In December  2017, the TRAIN Act was signed into law and implemented the first day of the following year to provide significant personal income tax (PIT) cuts for 99 percent of taxpayers and create a steady revenue stream for the Duterte administration’s “Build, Build, Build” program and increased investments in human  capital development. 

TRAIN also raised so-called “sin” or excise taxes on tobacco products. 

The Duterte administration is the first government to have implemented three successive increases in  “sin” taxes, hence enabling it to further raise spending on its priority programs to reduce poverty and attain financial inclusion for all Filipinos.

The Tax Amnesty Act was signed into law in February 2019, followed by the Tobacco Excise Tax Reform Act in July of the same year.  

This law raised further the excise taxes on tobacco products and introduced a new tax on electronic or e-cigarettes.

A  new “Sin” Tax Reform Law, which raised excise taxes on alcohol and imposed another round of tax hikes on e-cigarettes, was enacted in January 2020.  

“We are the only administration in Philippine history that has increased ‘sin’ taxes three times within one presidential term,” Dominguez said. 

He remains optimistic that the two remaining packages—the reforms in the property valuation system and in the taxation on passive income and financial intermediaries, would be passed by the Congress in 2021. 

The DOF is also seeking amendments in the Agri-Agra Reform Credit Act to make it easier for banks to pump fresh capital into the farm sector, said Dominguez, who was agriculture secretary in the administration of the late President Corazon Aquino.

FIST:  Enabling banks to extend more credit to MSMEs

On top of CREATE, another urgent measure is the FIST bill, which  has already been ratified by both chambers of the Congress, and is now awaiting the signature of President Duterte. 

The FIST Act will allow banks to dispose of their non-performing loans and assets through would-be asset management companies so they could ext, end more credit to coronavirus-hit businesses in need of assistance.

“This is an improved version of the Special Purpose Vehicle (SPV)  law that we enacted in the early 2000s in response to the Asian financial crisis.
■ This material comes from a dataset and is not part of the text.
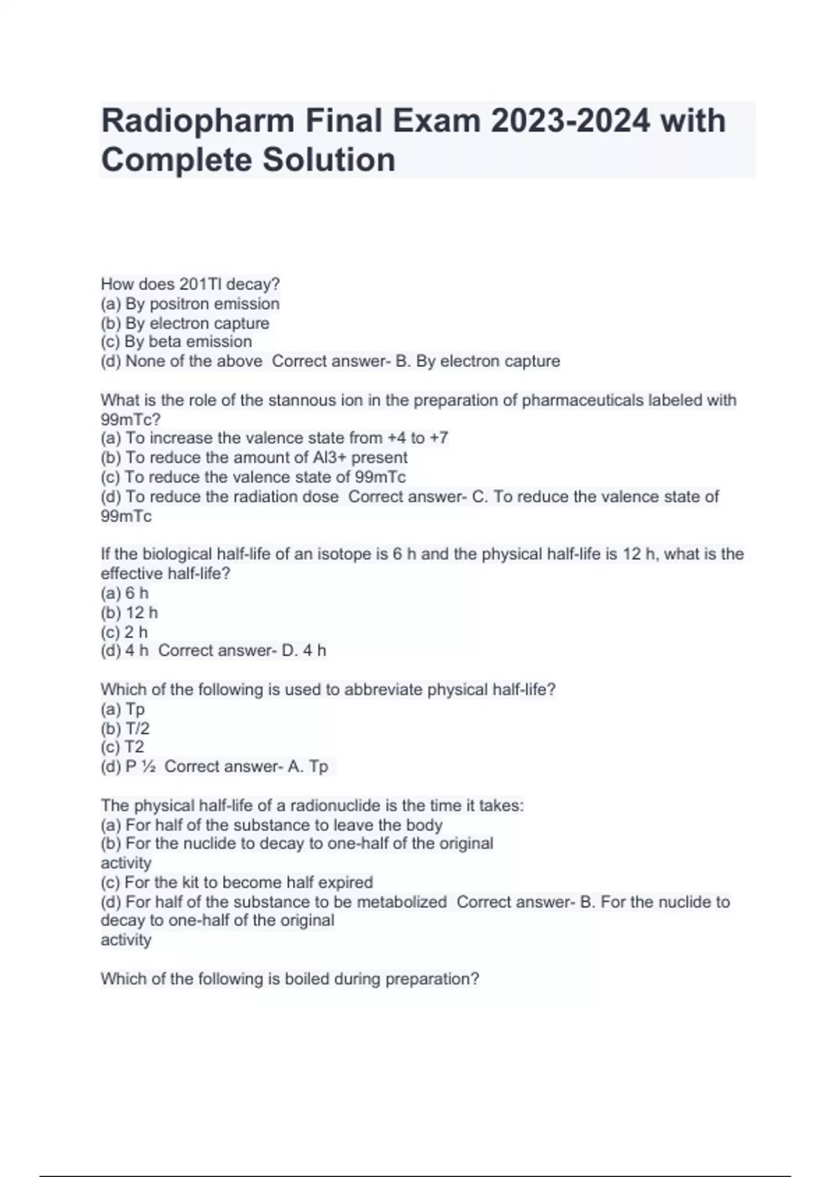 Radiopharm Final Exam with Complete Solution. How does 201Tl decay? (a) By positron emission (b) By electron capture (c) By beta emission (d) None of the above Correct answer- B. By electron capture What is the role of the stannous ion in the preparation of pharmaceuticals labeled with 99mTc? (a) To increase the valence state from +4 to +7 (b) To reduce the amount of Al3+ present (c) To reduce the valence state of 99mTc (d) To reduce the radiation dose Correct answer- C. To reduce the valence state of 99mTc If the biological half-life of an isotope is 6 h and the physical half-life is 12 h, what is the effective half-life? (a) 6 h (b) 12 h (c) 2 h (d) 4 h Correct answer- D. 4 h Which of the following is used to abbreviate physical half-life? (a) Tp (b) T/2 (c) T2 (d) P 1⁄2 Correct answer- A. Tp The physical half-life of a radionuclide is the time it takes: (a) For half of the substance to leave the body (b) For the nuclide to decay to one-half of the original activity (c) For the kit to become half expired (d) For half of the substance to be metabolized Correct answer- B. For the nuclide to decay to one-half of the original activity Which of the following is boiled during preparation? (a) MAA (b) Sulfur colloid (c) Albumin colloid (d) Diphosphonates Correct answer- B. Sulfur colloid The presence of 12 μg Al+3 in 1 ml of 99mTc eluate is: (a) An example of radionuclidic impurity (b) An example of chemical impurity (c) An example of radiochemical impurity (d) Acceptable since it is less than 15 μg/ml Correct answer- B. An example of chemical impurity Which body decides on the acceptable levels of radionuclidic impurity? (a) USP (b) NRC (c) FDA (d) Both (a) and (b) Correct answer- D. Both (a) and (b) NRC, FDA Which of the following is an example of radionuclidic impurity? (a) Presence of free 99mTc in a preparation of 99mTc sulfur colloid (b) Presence of 99Mo in 99mTc eluate (c) Presence of aluminum ions in 99mTc eluate (d) Presence of pyrogens in eluate Correct answer- B. Presence of 99Mo in 99mTc eluate What is the maximum amount of aluminum ions (Al+3) allowed in 1 ml of 99mTc eluate according to the USP? (a) None is allowed (b) 5μg (c) 10μg (d) 15μg Correct answer- C. 10μg What is indicated by the front of an instant thin layer chromatography (ITLC) strip? (a) Radionuclidic impurity. (b) Particles of incorrect size. (c) Pyrogens. (d) This depends on the solvent and strip used. Correct answer- D. This depends on the solvent and strip used. What is the most likely size of an MAA particle if correctly prepared? (a) 0-100 mm (b) 10-30μm (c) 10-30 mm (d) 0-250μm Correct answer- B. 10-30μm .

The advantage this time is that we are acting much earlier, so the benefits of FIST will help banks respond quickly enough to the COVID-19 crisis,” Dominguez said.   

Using the assumptions provided by the Bangko Sentral ng Pilipinas (BSP), FIST would result to foregone revenues of P2.9 billion to P11.6 billion. Assuming all tax benefits are availed of in the next five years, this size of losses is manageable when compared to the potential risks from another possible financial crash. 
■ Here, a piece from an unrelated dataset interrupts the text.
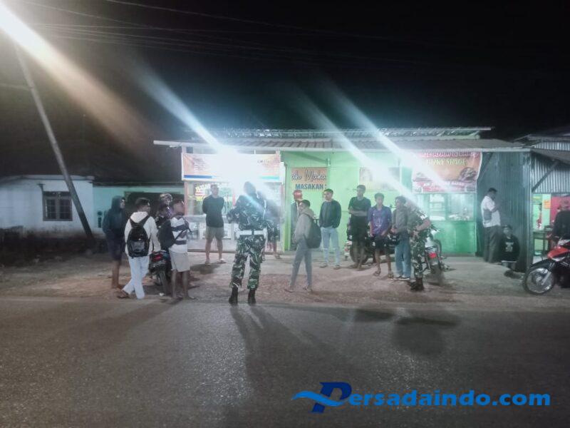 Patroli dilaksanakan di sekitar Kota So’e, Tepatnya Di Kampung Rote. Kehadiran Piket Kodim 1621/TTS menjadi bentuk nyata sinergi TNI dengan rakyat dalam menjaga keamanan lingkungan. Pajaga Serka M Fery S Dan Anggota Jaga secara langsung menyapa para pemuda yang sedang berkumpul dan memberikan himbauan agar senantiasa menjaga ketertiban serta menjauhkan diri dari hal-hal negatif yang dapat mengganggu stabilitas keamanan Khusus nya di Kampung Rote
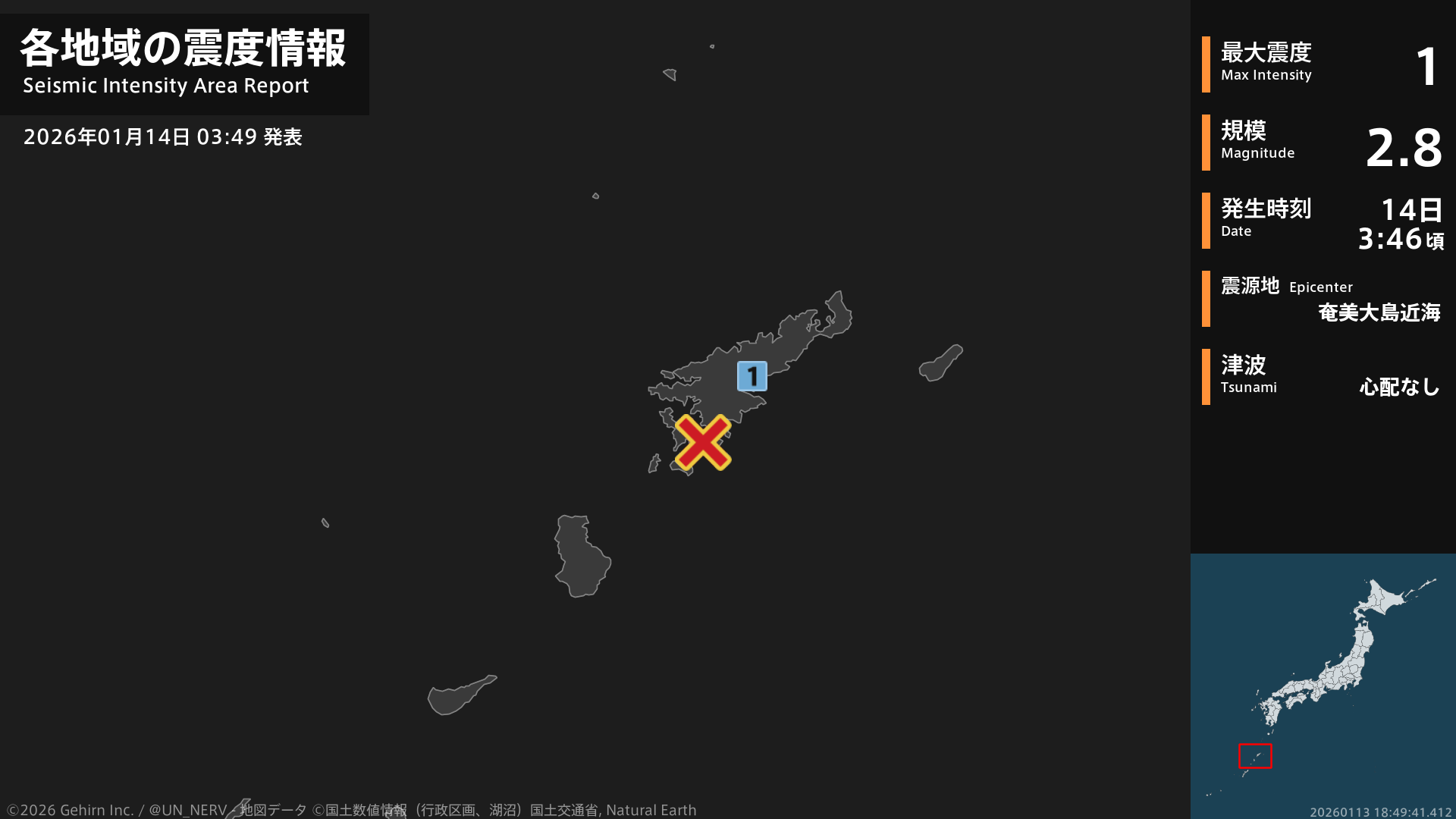 【地震情報 2026年1月14日】3時46分頃、奄美大島近海を震源とする地震がありました。震源の深さは約30km、地震の規模はM2.8、最大震度1を鹿児島県で観測しています。この地震による津波の心配はありません。#地震 #鹿児島県

But to ensure that no public resources are wasted, the DOF has assured that the effectiveness of the incentives will be reviewed through a monitoring mechanism incorporated in the bill. 

“This reform will be critical in keeping our banks strong and ready to finance productive economic activity,” Dominguez said. 

GUIDE: Saving strategically important firms 

The GUIDE bill, on the other hand,   is on its second reading in the House of Representatives and remains at the committee level in the Senate. 

The measure aims to enable government financial institutions (GFIs), such as  the Land Bank of the Philippines (LandBank) and the Development Bank of the Philippines (DBP), to form a special holding company that will infuse equity, with strict conditions, into strategically important companies facing insolvency. 

Dominguez said the government plans to invite multilateral agencies, as well as foreign and domestic investment companiesto participate in this joint venture. 

“The bill is patterned after the TARP (Troubled Asset Relief Program) in the US, where you put in money in the company but then tell the executives that they can’t declare dividends until they pay off the debt; they can’t pay themselves large salaries, and buy fancy, unnecessary stuff,” Dominguez said. 

Dominguez expects these bounce-back measures—CREATE, FIST, GUIDE, and the 2021 national budget—to enable the country to post a strong recovery and generate more jobs and investments this 2021 as the government takes calibrated steps to further open the economy as safely as possible.